Since then, Beijing has stepped up its military pressure tactics against the island, sending fighter jets across the median line of the Taiwan Strait, drawing the waters separating Taiwan from China into the island’s air defense identification zone — commonly known as the airspace buffer zone as the ADIZ.

Referring to Taiwan at the 20th Communist Party Congress in October, Chinese leader Xi Jinping drew applause when he said China would “strive for peaceful reunification” — but then issued a stark warning that “we will never promise Renouncing the use of Taiwan’s military force, we reserve the right to take all necessary measures.”

The Biden administration has been a staunch supporter of the island of Taiwan under the Taiwan Relations Act, which says Washington will provide the island with the means to defend itself without sending in U.S. troops for such defense.

The recently signed National Defense Authorization Act commits the United States to a plan to modernize Taiwan’s military and provide $10 billion in security assistance over five years, a strong sign of long-term bipartisan support for Taiwan.

However, Biden has said on more than one occasion that U.S. military personnel will defend Taiwan if the Chinese military launches an invasion, despite the Pentagon’s insistence that Washington’s “one China” policy has not changed.

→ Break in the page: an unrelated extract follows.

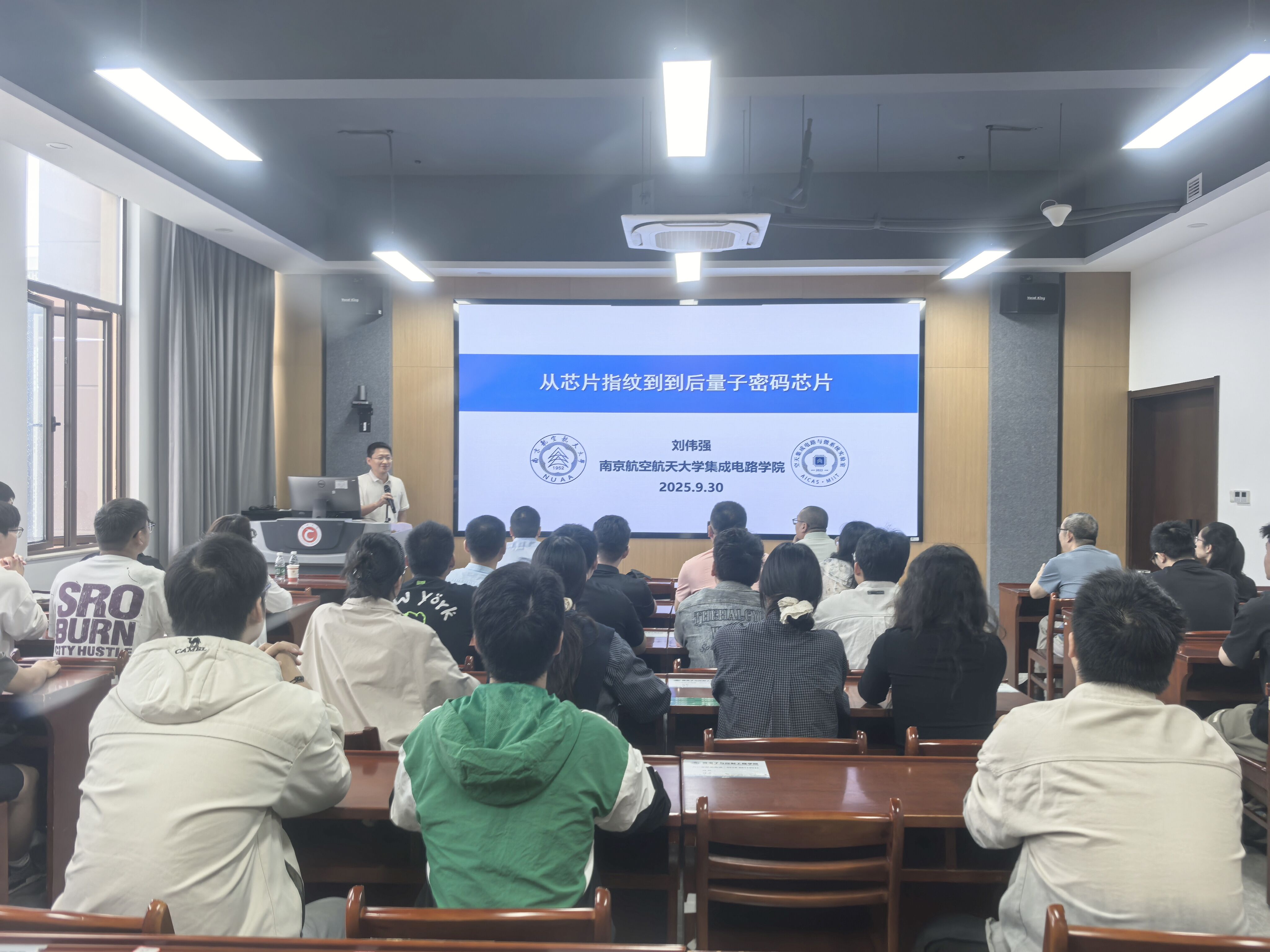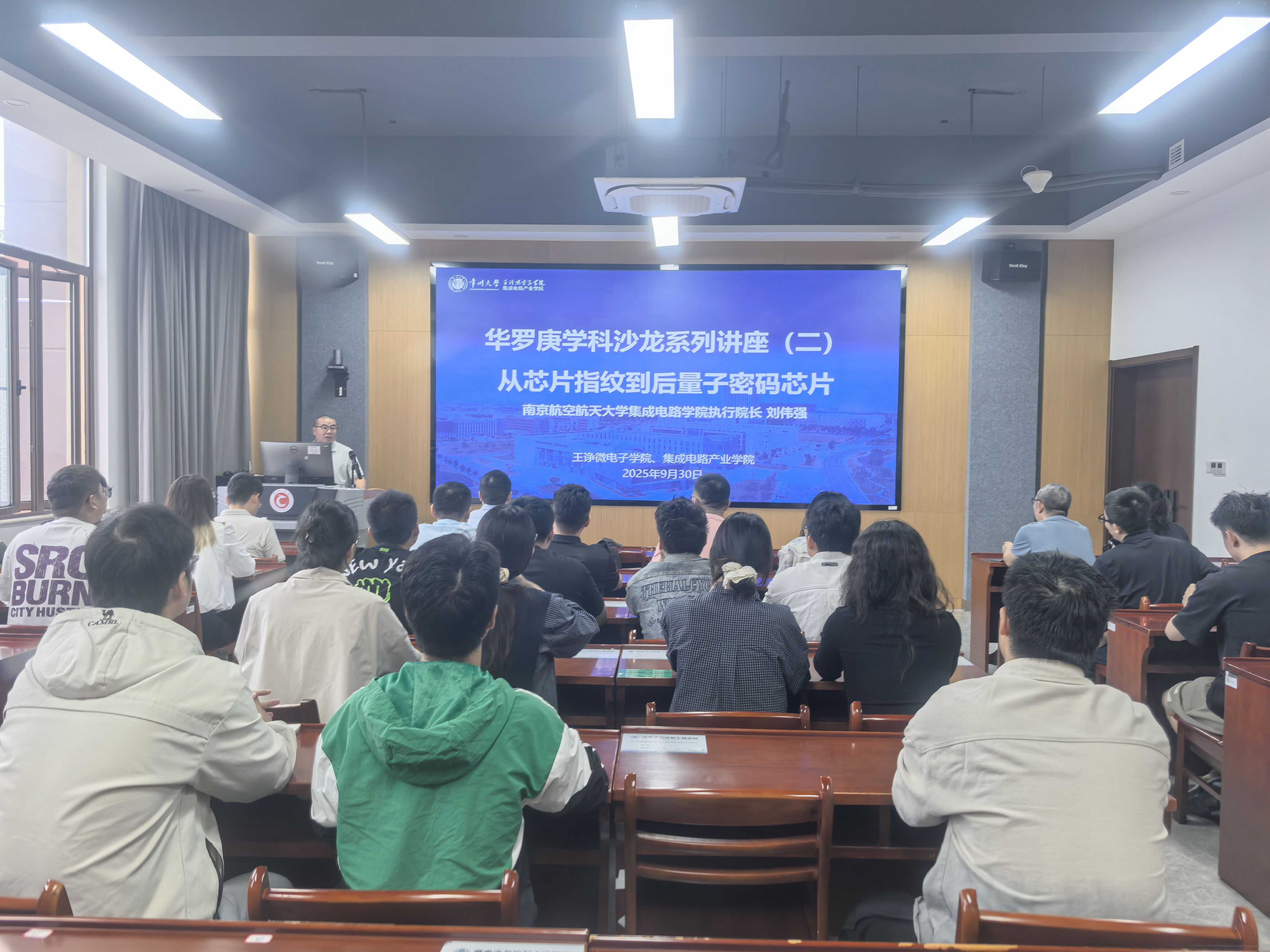9月30日上午,王诤微电子学院、集成电路产业学院在立功楼402举办华罗庚学术沙龙系列讲座第二讲,南京航空航天大学集成电路学院执行院长刘伟强教授应邀为学院师生作题为《从芯片指纹到后量子密码芯片》的主题讲座。学院副院长徐权主持会议。

Under the “One China” policy, the United States recognizes China’s position that Taiwan is part of China, but never formally recognizes Beijing’s claim to the self-governing island.

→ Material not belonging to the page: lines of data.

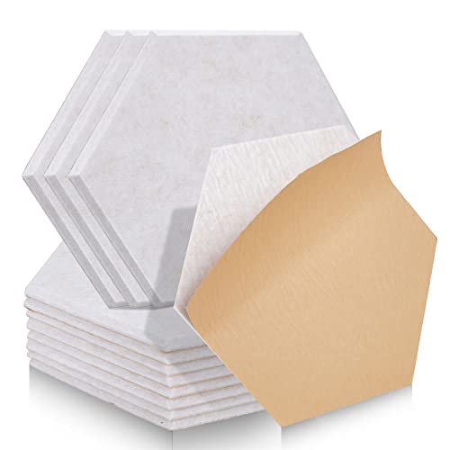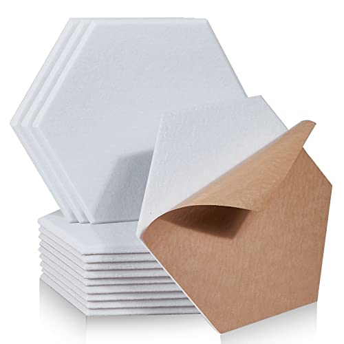 Sexkantiga självhäftande akustikplattor, 12 stycken, ljudisolering med hög densitet, för vägg, tak, trä och dörr – akustikpanel, ljudisoleringsplattor, akustikplatta, 30 x 26 x 0,9 cm (12 stycken, vit)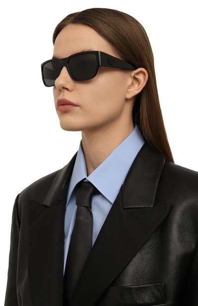 Для производства широкой черной оправы очков в форме cat eye мастера марки использовали легкий прочный ацетат, который долго не потеряет глянцевый блеск. Ажурные дужки из металла с матовым покрытием в тон украсили крупным логотипом из архивов 1990-х. Однотонные темно-серые линзы из устойчивого к потертостям нейлона обеспечивают 100% защиты от вредных для глаз УФ-лучей.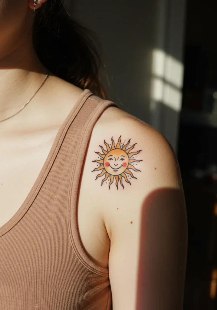 This cheerful little sun tattoo shines brightly on the upper shoulder, complete with a happy face and soft orange and yellow tones. The design is small and perfectly round, with wavy sun rays outlined in bold black for that true American traditional flair. It’s simple, sunny, and positioned where it naturally catches the light.
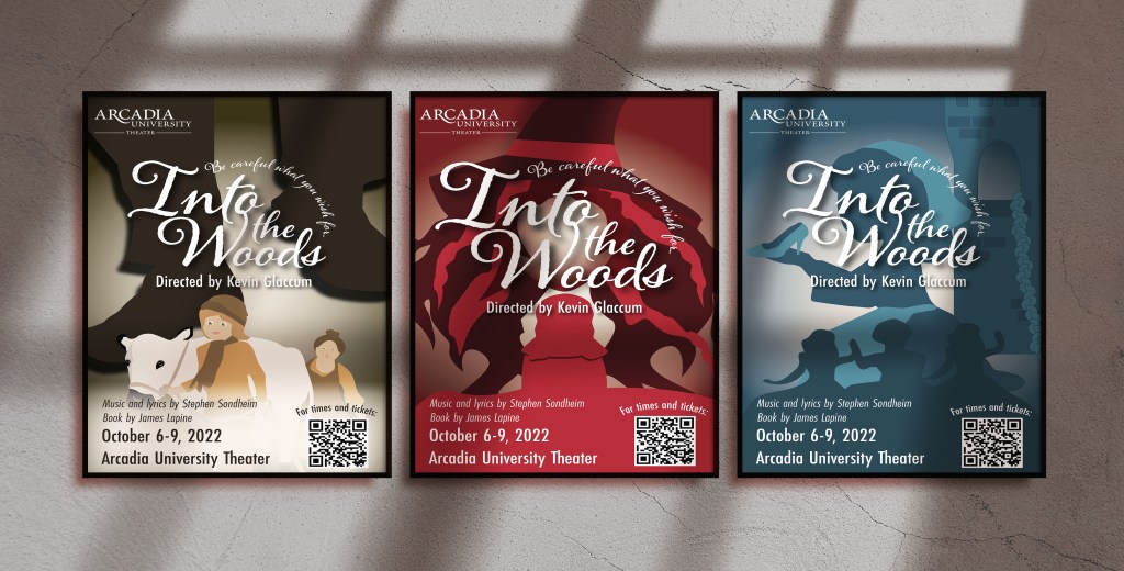 A series of poster designs for Arcadia University Theater Program’s production of Into the Woods. Each poster in the series focuses on different characters in the play.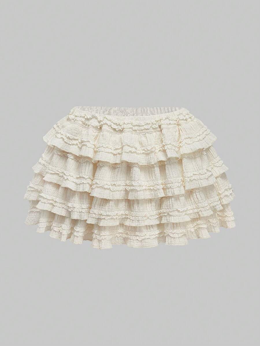 Kawaii Plus Size Women Textured Fabric Sweet Cake Hem Patchwork Low Waist Mini Skirt, Suitable For Multiple Occasions, Summer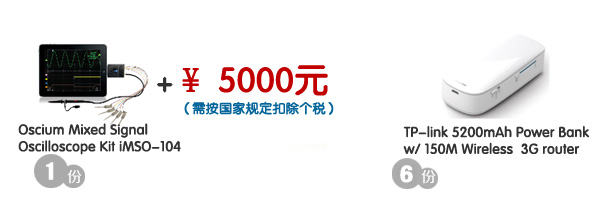 一等獎1名:價值:¥1800 和 5000元人民幣 二等獎6名:價值:¥159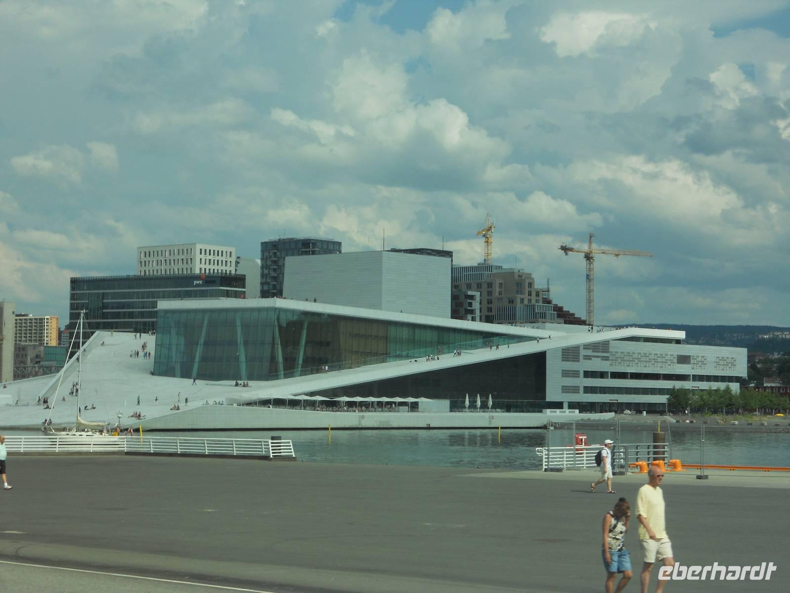 Nach einer ruhigen Überfahrt erreichen wir etwas verspätet schwedisches Festland. Wir starten unsere Tour von Göteborg nach Oslo. Einen guten Fotostopp gibt es an der Grenze: von der alten zur neuen Svinesund-Brücke. In Oslo erwartet uns schon unsere Stadtführerin Ellen. Die zwei-stündige Tour beginnen wir an der neuen Oper, besichtigen sie von Außen und teils von Innen. Über die Innenstadt mit Schloss und Karl-Johanns-Gate geht es weiter zum berühmten Vigelandpark. Hier überrascht uns ein kleiner Sommerregen. Wir verlassen Oslo Richtung Norden. Entlang des Mjösasees erreichen wir unser Hotel in Hamar.

“Wars happen even when objective analysis may indicate that attackers may not be successful,” Cancian said.

The CSIS report states that four constants emerged in the 24 wargames the U.S. military ran to prevent China from eventually taking control of Taiwan:

Taiwan’s ground forces must be able to deter China’s beachheads; the US must be able to use its bases in Japan for combat operations; the US must have long-range anti-ship missiles to “focus” on the PLA Navy from a distance; Fully arm Taiwan and immediately engage in any conflict with its own military.

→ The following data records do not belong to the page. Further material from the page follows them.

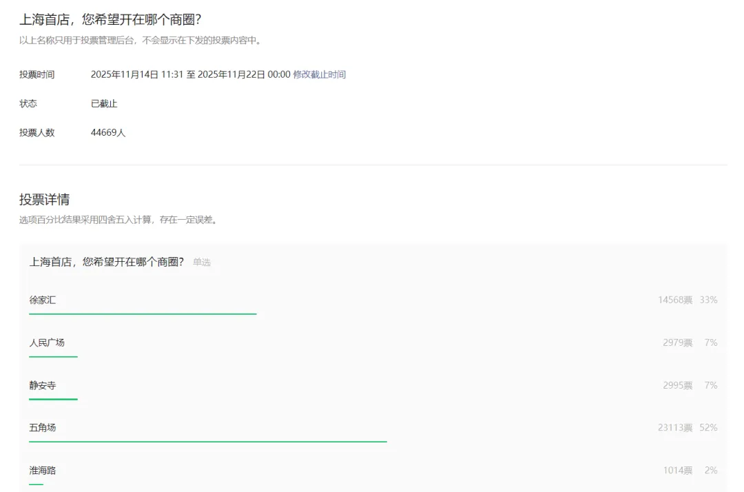 最终的数据知道,这次投票蔼然东谈主数约11万,本色参与投票东谈主数近4.5万东谈主。其中,五角场以23113票、跳动半数的得票率完成逆袭,获胜决定了这家“列队王首店”的落脚点。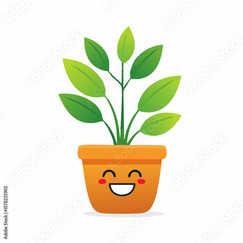 plant, potted, pot, green, leaf, happy, smiling, face, cartoon, illustration, cheerful, cute, adorable, nature, growth, life, spring, summer, garden, home, decoration, design, graphic, vibrant, fresh, healthy, wellness, positivity, joy, fun, playful, friendly, character, expression, emotion, feeling, well-being, happiness, optimism, bright, light, simple, clean, modern, style, art, drawing, vignetting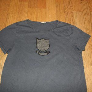This listing is for a preowned 100% authentic J Crew black TWEED PATCH Short Sleeve Top /T Shirt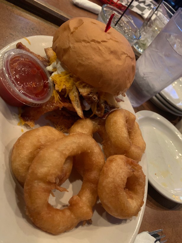 Shane got the Viking burger – a patty adorned with bacon, cheddar cheese and french fries – and a side of onion rings. Because, you know, the fries are already on the sandwich, no use getting more of those.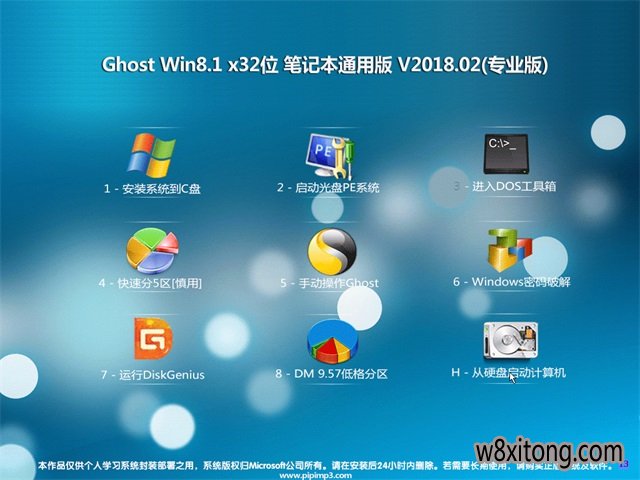 大白菜Win8.1x32位笔记本通用版系统仅用于进行演示基于万能GHOST的快速部署技术,供装机维护技术人员参考,我们不承担任何技术及版权问题,且不对任何资源负法律责任。所有资源请在下载后24小时内删除。如果您觉得满意,请购买正版 !!!

“Taiwan does not have a ‘Ukrainian model,'” the report said, referring to how U.S. and Western aid slowly trickled into Ukraine long after Russia began invading its neighbor and no U.S. or NATO troops were actively fighting Russia.

“Once there is a war, it is impossible for any troops or supplies to go to Taiwan, so this is very different from the situation in Ukraine, where the United States and its allies are able to send supplies to Ukraine continuously,” Kansian said. “Whatever the Taiwanese are going to fight with, they have to have it at the start of the war.”

The think tank said Washington needed to act sooner if it was to meet some of the CSIS recommendations for success in the Taiwan conflict.

These include strengthening U.S. bases in Japan and Guam to defend against Chinese missile attacks; shifting its navy to smaller, more survivable ships; prioritizing submarines; prioritizing a sustainable bomber force over a fighter force; but producing cheaper fighter jets; and pushing Taiwan to adopt a similar strategy, arming itself with simpler weapons platforms rather than expensive ships that are less likely to survive a first Chinese strike.

The CSIS report said these policies would make it less expensive for U.S. forces to win, but casualties remained high.

“The U.S. will likely win a costly victory and suffer more in the long run than the ‘defeated’ Chinese.”

“Winning isn’t everything,” the report said.